In connection with the Initial Public Offering, the underwriters were granted a 45-day option from the date of the prospectus to purchase up to 3,000,000 additional Units to cover over-allotments. On October 12, 2021, the underwriters fully exercised the over-allotment option to purchase an additional 3,000,000 Units at an offering price of $10.00 per Unit, generating additional gross proceeds of $30,000,000 to the Company.

The underwriters were paid a cash underwriting discount of $0.20 per Unit (excluding over-allotment Units) in the Initial Public Offering, or $4,000,000 in the aggregate upon the closing of the Initial Public Offering. In addition, $0.50 per Unit (excluding over-allotment Units), and $0.70 per over-allotment Unit (totaling $12,100,000 in aggregate) is payable to the underwriters for deferred underwriting commission.
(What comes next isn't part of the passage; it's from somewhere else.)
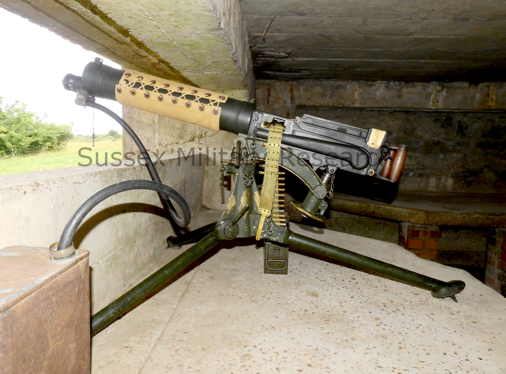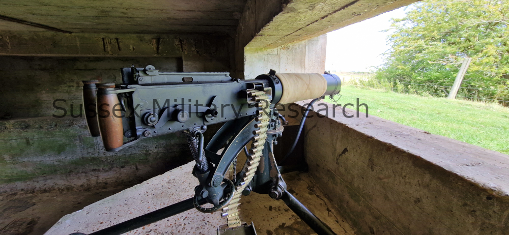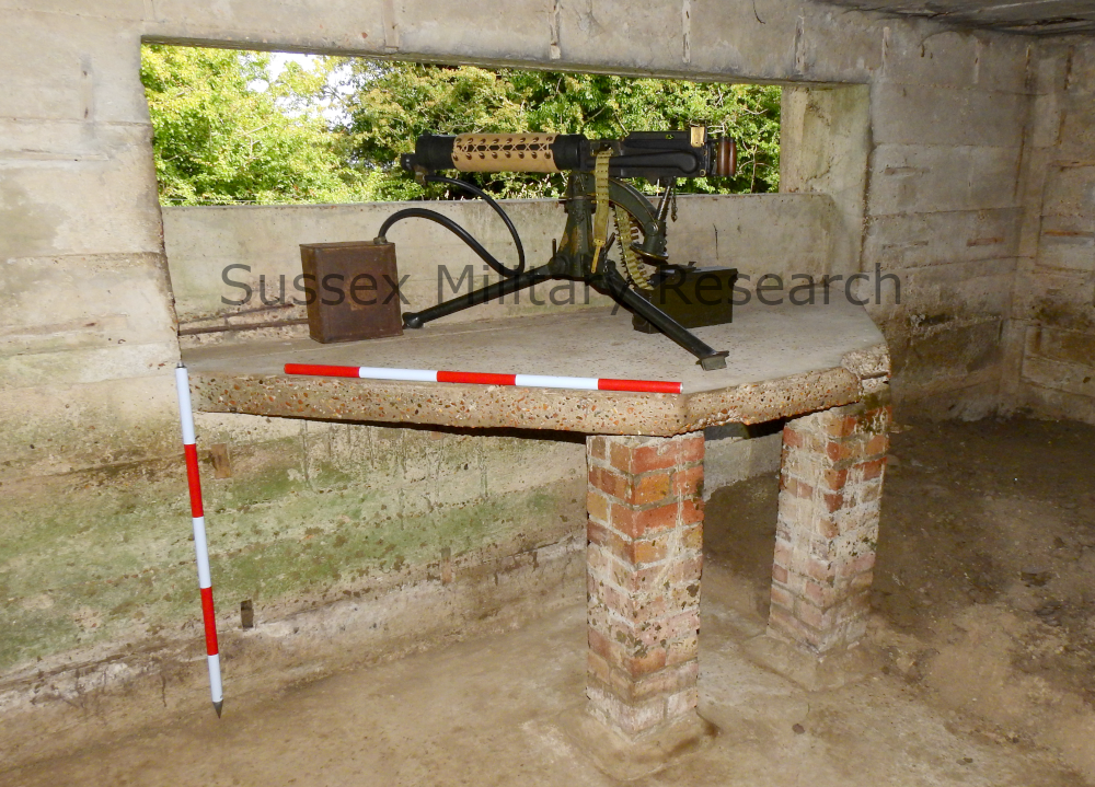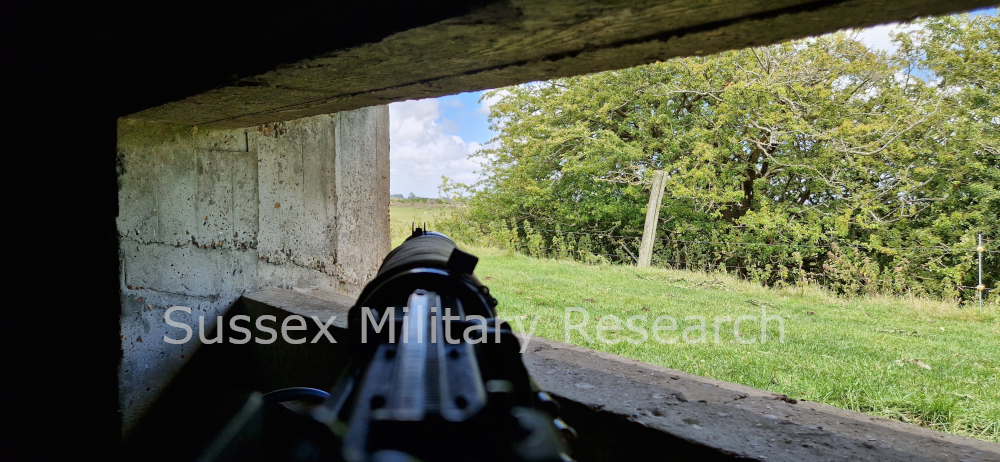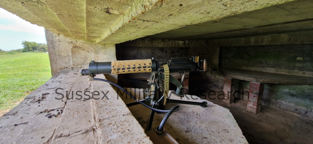 A Vickers gun was set up in the open embrasure in order to get an idea of the arc of fire. We determined that the ground to the front was deemed the most important task for the gun, and this is confirmed by wartime documents.

The deferred fee is payable to the underwriters from the amounts held in the Trust Account solely in the event that the Company completes a Business Combination, subject to the terms of the underwriting agreement.

Administrative Support Agreement

On October 6, 2021, we entered into an agreement with IX Acquisition Services LLC, an entity owned by an affiliate of our sponsor, to pay a total of $10,000 per month for office space, secretarial and administrative services. Upon completion of a Business Combination or the Company's liquidation, we will cease paying these monthly fees. During the three months ended March 31, 2022 and for the period from March 1, 2021 (inception) through March 31, 2021, we incurred expenses in connection with such services of $30,000 and $0, respectively, included within operating and formation expenses on the accompanying unaudited condensed statements of operations.
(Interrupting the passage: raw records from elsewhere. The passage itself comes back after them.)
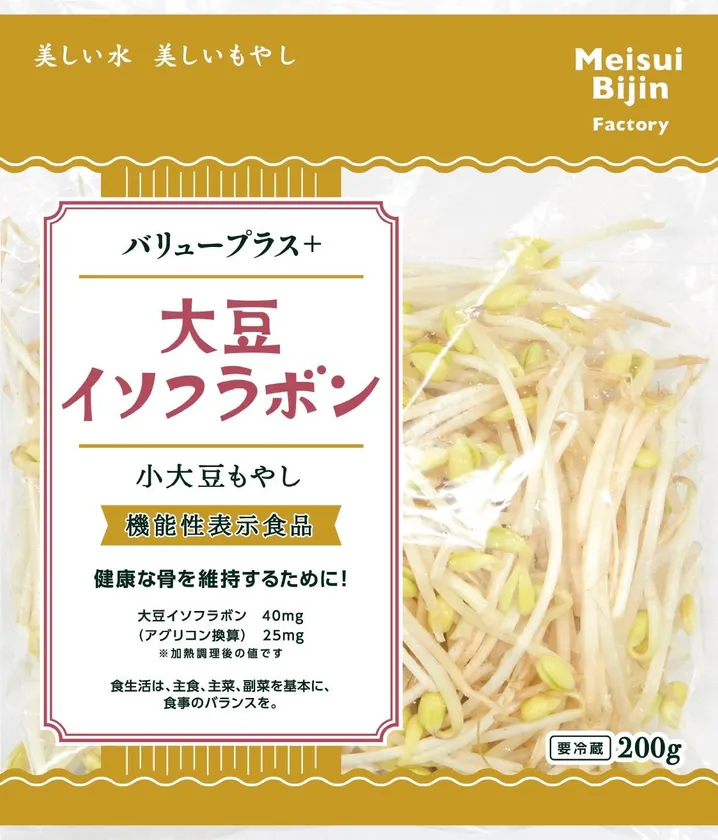 日本で一番売れているもやし「名水美人」(※1)を販売している名水美人ファクトリー株式会社(本社:大分県竹田市、代表取締役社長:若狹 二郎)は、「骨の成分の維持に役立つ」機能があることが報告されている大豆イソフラボンが含まれる機能性表示食品「大豆イソフラボン 小大豆もやし」を、2018年7月9日(月)に発売いたします。
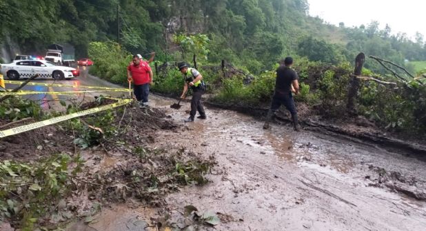 Huehuetla: Deslave sobre la carretera Huehuetla-Acuautla, obstruyendo totalmente la vialidad. Personal de Protección Civil e Infraestructura Pública trabajan en el retiro del escombro.
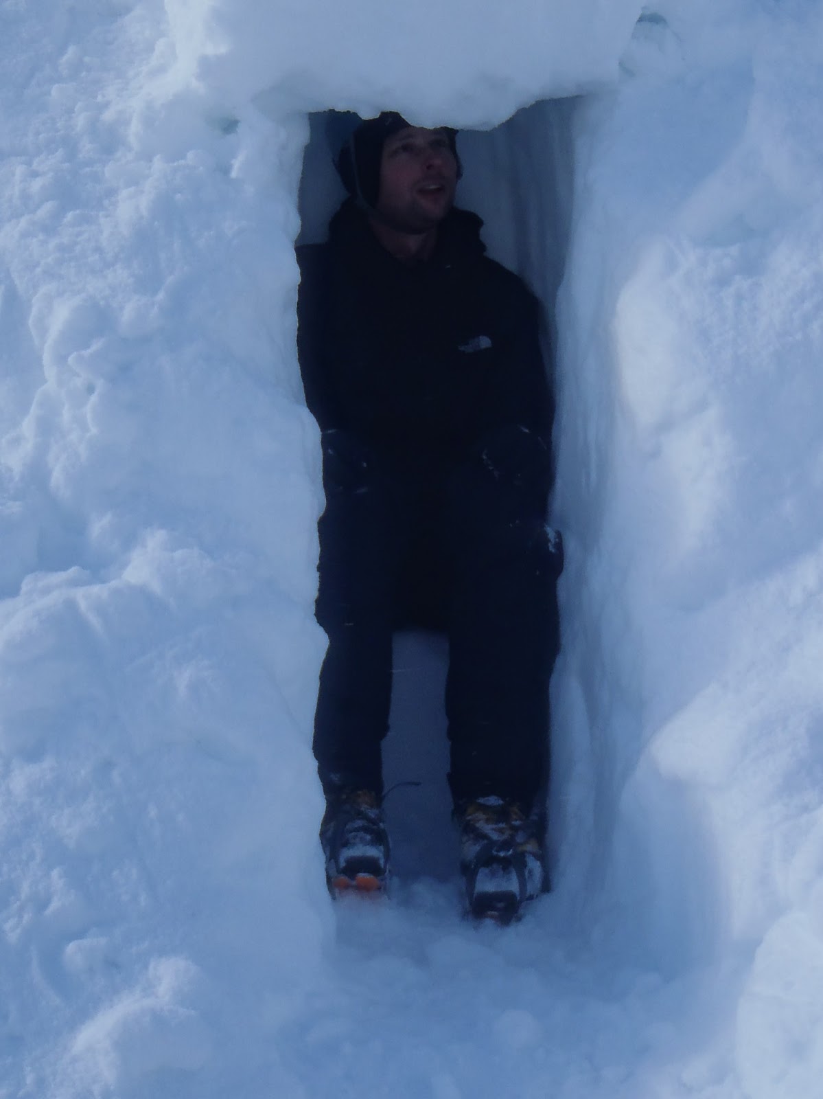 I found the loose block on the RHS (looking down) of the last section of Hidden Chimney. It looks like a good belay spot, but then a simple test of the block shows that it rocks easily, and unnervingly - so it was time to top out instead. Chris and Dave climbed really well, and had a great day. On the way down they were keen to check out the emergency shelters dug out on the morraines. Cheers Dave and Chris for a top weekend.

Critical Accounting Policies and Estimates

The preparation of the unaudited condensed financial statements in accordance with accounting principles generally accepted in the United States of America requires management to make estimates and judgments that affect the reported amounts of assets, liabilities, revenues and expenses. A summary of our significant accounting policies is included in Note 2 to our unaudited condensed financial statements in Part I, Item 1 of this Quarterly Report. Certain of our accounting policies are considered critical, as these policies are the most important to the depiction of our condensed financial statements and require significant, difficult or complex judgments, often employing the use of estimates about the effects of matters that are inherently uncertain. Such policies are summarized in the Management's Discussion and Analysis of Financial Condition and Results of Operations section in our 2021 Annual Report on Form 10-K filed with the SEC on April 13, 2022. There have been no significant changes in the application of our critical accounting policies during the three months ended March 31, 2022.

Recent Accounting Pronouncements

See Note 2 to the unaudited condensed financial statements included in Part I, Item 1 of this Quarterly Report for a discussion of recent accounting pronouncements.